Well one improvement is that it enforces locking on all compilers, unlike the clang annotations. The code itself doesn't seem much better or worse in this case for this very simple data structure, but it's probably is worth experimenting with for chains and chainstates and mempools, etc to be able to avoid logic bugs, distinguish different uses of cs_main for different purposes, and not just have LOCK(cs_main) everywhere what no indication about what exactly is being locked or why.

Looking at your examples, though I would even more want to replace the *m syntax with m.Lock() as suggested previously to make usage more obvious.

@vasild
Copy link
Contributor Author

vasild commented Jun 20, 2022

e577177a33...a870b2b891: address suggestions and remove optional commit that was a kind of scope creep for this PR - net: simplify logic around reachable networks and -onlynet, it will make it in a followup.

@ryanofsky very insightful review, thanks for the suggestions!

This seems like a potentially useful alternative to clang thread safety annotations. The ThreadSafePtr<T> class forces code to lock a mutex when accessing data, just like TSA annotations do, except...

Hmm, right, I did not think of this from that perspective. In addition - TSA do not actually "force" anything, they emit a mere warning if compiled with clang. They do nothing for gcc. And if -Werror is not used to turn the warning into an error, then they can be missed/ignored.

I see this as a complementary to TSA.

I don't think the ThreadSafePtr<T> is the best name because xxx_ptr<T> implies the type is some kind of lightweight reference to the T, not a container which holds the T. I would call it something like Synced<T> ...

Renamed to Synced<T>, thanks!

@ajtowns
Copy link
Contributor

ajtowns commented Jun 23, 2022

I assume it can be annotated just like any other lock. Agree implementation should fix this, though.

I think you'd have to mark the Synced object as being lock itself (LOCKABLE), and mark the Proxy class as being a RAII guard (SCOPED_LOCKABLE), with the constructor/destructor annotated appropriately (EXCLUSIVE_LOCK_FUNCTION(ref_to_scoped_obj) and UNLOCK_FUNCTION()), and with the functions that create the Proxy (Lock and operator->) annotated with negative constraints (EXCLUSIVE_LOCKS_REQUIRED(!this))? I've got pretty low confidence that that will actually work as hoped/expected though...

Well one improvement is that it enforces locking on all compilers, unlike the clang annotations.

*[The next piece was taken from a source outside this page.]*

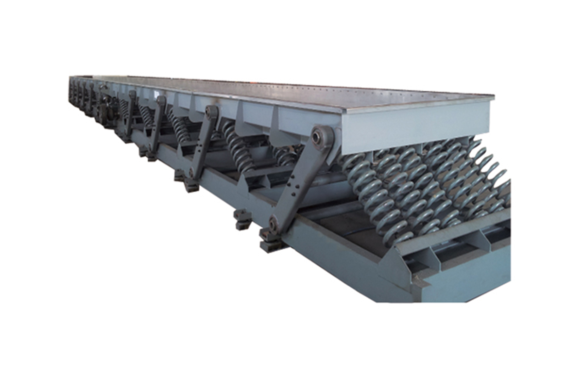 驅(qū)動(dòng)連桿機(jī)構(gòu)由電動(dòng)機(jī),皮帶輪、傳動(dòng)軸、偏心連桿裝置組成。輸送槽與底架之間用螺旋彈簧聯(lián)接,該彈簧是主振彈簧,導(dǎo)向桿起輸送槽振動(dòng)導(dǎo)向作用,輸送機(jī)運(yùn)行中驅(qū)動(dòng)機(jī)構(gòu)使連桿端部作往復(fù)運(yùn)動(dòng),而連桿通過其端部的螺旋彈簧帶動(dòng)輸送槽作往復(fù)運(yùn)動(dòng),使物料沿振動(dòng)方向被連續(xù)拋起向前跳躍,達(dá)到輸送物料的目的。

We already enforce locking is correct via compiling with clang in CI; it's certainly an improvement to get those warnings earlier for anyone who's not using clang or doesn't have the options enabled, but [EDIT: oops, didn't finish the thought:] not at the cost of losing some checks entirely.

@maflcko
Copy link
Member

maflcko commented Jun 23, 2022

I don't see any obvious benefit here, looking at the comparison with current code in #25390 (comment)

@vasild
Copy link
Contributor Author

vasild commented Jun 29, 2022

a870b2b891...7b05e787cf: use LOCK(synced) at call sites and remove more GlobalMutexes.

The benefit is not at the call sites - they can use different flavors of syntax sugar but all of them more or less boil down to the same thing. I changed it to use { LOCK(foo); foo->Method1(); foo->Method2(); ... } so that it is not possible to misuse like @ajtowns suggested above.

The Synced<T> abstraction is similar to what is suggested in this comment but it does so in a generic way to avoid code repetition. Its benefit is twofold:

  1. It avoids code repetition at the implementation sites. Namely this:
Lots of repetitions (92 lines)
class Foo
{
public:
    void PushBack(x)
    {
        LOCK(m_mutex);
        m_data.push_back(x);
    }

    size_t Size()
    {
        LOCK(m_mutex);
        return m_data.size();
    }

    // maybe also other methods if needed...

    auto Lock()
    {
        return DebugLock<Mutex>{m_mutex, "Foo::m_mutex", __FILE__, __LINE__};
    }

private:
    Mutex m_mutex;
    std::vector<int> m_data;
};

class Bar
{
public:
    void PushBack(x)
    {
        LOCK(m_mutex);
        m_data.push_back(x);
    }

    size_t Size()
    {
        LOCK(m_mutex);
        return m_data.size();
    }

    // maybe also other methods if needed...

    auto Lock()
    {
        return DebugLock<Mutex>{m_mutex, "Bar::m_mutex", __FILE__, __LINE__};
    }

private:
    Mutex m_mutex;
    std::vector<std::string> m_data;
};

class Baz
{
public:
    void Insert(x)
    {
        LOCK(m_mutex);
        m_data.insert(x);
    }

    size_t Size()
    {
        LOCK(m_mutex);
        return m_data.size();
    }

    // maybe also other methods if needed...

    auto Lock()
    {
        return DebugLock<Mutex>{m_mutex, "Baz::m_mutex", __FILE__, __LINE__};
    }

private:
    Mutex m_mutex;
    std::set<std::string> m_data;
};

becomes this:

Short (3 lines)
Synced<std::vector<int>> Foo;
Synced<std::vector<std::string>> Bar;
Synced<std::set<std::string>> Baz;
  1. The mutex is properly encapsulated. With a global mutex and a global variable annotated with GUARDED_BY() it is indeed not possible to add new code that accesses the variable without protection (if using Clang and -Wthread-safety-analysis and -Werror), but it is possible to abuse the mutex and start using it to protect some more, possibly unrelated stuff (we already have this in the current code).

@maflcko
Copy link
Member

maflcko commented Jun 29, 2022

Ah, looks like this is std::atomic for structs/classes then

@vasild
Copy link
Contributor Author

vasild commented Jun 29, 2022

Ah, looks like this is std::atomic for structs/classes then

Right, kind of. std::atomic can be used for any trivially copyable structs/classes too and if necessary it will use a mutex internally. The difference is that reading from an atomic would read it in a safe way from the memory and would return a copy of the stored object. So if we call a method of the stored object the mutex will be released before the method is called and the method will be called on the copy. atomic also does not provide a way to lock for longer time, spanning calls to multiple methods.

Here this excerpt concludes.